Installing all important librabies for ai ml


In [None]:
import pandas as pd
import numpy as np

The file named as "climate_change_download_0.xls" is imported using pandas library to predict climate change :-

In [None]:
# Here orig_data_file is the name of file to store data coming from excel file, r is the raw string useful for windows path and 
# climate_change_download_0.xls is the name of excel file of dataset.
orig_data_file = r"climate_change_download_0.xls"  
data_sheet = "Data"

data_orig = pd.read_excel(io=orig_data_file, sheet_name=data_sheet)
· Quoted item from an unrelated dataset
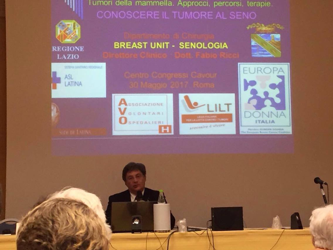 Il chirurgo senologo Fabio Ricci relatore al primo convegno nel Lazio di Europa Donna tenutosi il 30 Maggio a Roma, ha parlato di:” Tumori della mammella. Approcci, percorsi, terapie. Conoscere il tumore al seno”.
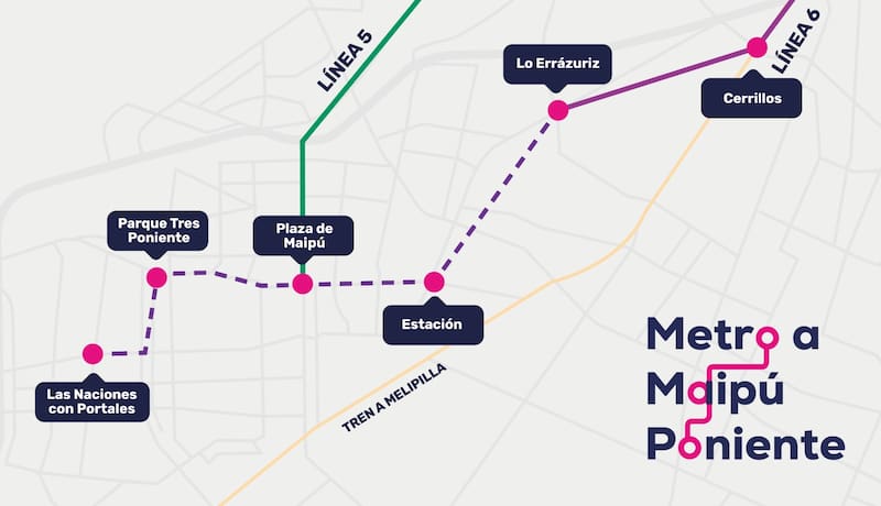 La ampliación del recorrido de la Línea 6 serían con cuatro nuevas estaciones dentro de Maipú, las cuales serían:

FileNotFoundError: [Errno 2] No such file or directory: 'climate_change_download_0.xls'

In [None]:
print("Shape of the original dataset:")
data_orig.shape

In [None]:
print("Available columns:")
data_orig.columns

In [None]:
print("Column data types:")
data_orig.dtypes

In [None]:
print("Overview of the first 5 rows:")
data_orig.head()

In [None]:
print("Descriptive statistics of the columns:")
data_orig.describe()

In [None]:
data_orig['Series name'].unique()

In [None]:
data_orig['Series code'].unique()

In [None]:
data_orig['SCALE'].unique()

In [None]:
data_orig['Decimals'].unique()

In [None]:
data_orig[data_orig['SCALE']=='Text']

In [None]:
data_orig[data_orig['Decimals']=='Text']

In [None]:
# assign the data to a new DataFrame, which will be modified
data_clean = data_orig

print("Original number of rows:")
print(data_clean.shape[0])

# remove rows characterized as "Text" in the SCALE column
data_clean = data_clean[data_clean['SCALE']!='Text']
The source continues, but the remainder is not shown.